Gloves:  Your hands are oily, even when dry and will leave fingerprints and smudges on your scratchboard.  Some people protect the area under their hands by laying a piece of paper or plastic under their hand.  I find this cumbersome so I like to use fingerless gloves instead.  I use a standard glove (like the white photographer's gloves) on my left hand to hold the board. On my right (drawing) hand I wear a fingerless glove so my palm doesn't rest on the board and mar it but my fingertips are free to grip the etching tool.  You can buy fancy ones or just cut the fingertips off an old glove (the black one above.) When my hands are hurting from too much use, I use a therapeutic glove, which helps a lot. You can also use thin medical gloves to protect your surface while you work.

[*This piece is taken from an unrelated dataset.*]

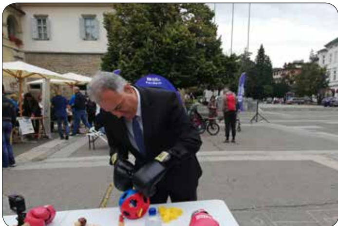
Dan mobilnosti invalidov 2019 – dogajanje na Trgu svobode

Sočasno je potekal tudi inkluzijski sprehod med zanimivimi drevesi v Mestnem parku, ki je bil izveden v organizaciji in sodelovanju Planinskega društva Maribor Matica in Hortikulturnega društva Maribor. Udeležilo se ga je okoli 60 oseb. Sočasno so se kolesarji v spremstvu in pod vodstvom predstavnikov Mariborske kolesarske mreže udeležili 10 km dolge krožne vožnje po Mariboru. Kolesarji so uporabljali različna kolesa, od navadnih do prilagojenih. Vsi sodelujoči na sprehodu in na kolesarski turi so bili zelo zadovoljni z izvedbo aktivnosti in si želijo več podobnih dogodkov.

INK:  What I haven't shown here are tools to erase your mistakes. Regular erasures won't work.  Instead, you want to renew the black ink by painting over your mistakes or pencil marks.  You will want a jar of india ink with a fine-pointed round brush for broad areas.  You will also need a fine-tipped permanent black ink pen to repair fine lines.  Sharpie pens leave an undesirable  purple-black shimmery residue which shows up at certain angles. Instead, I recommend Micron archival ink pens or Staedtler Mars pro pens or any india ink pen.

Good luck with your scratchboard project!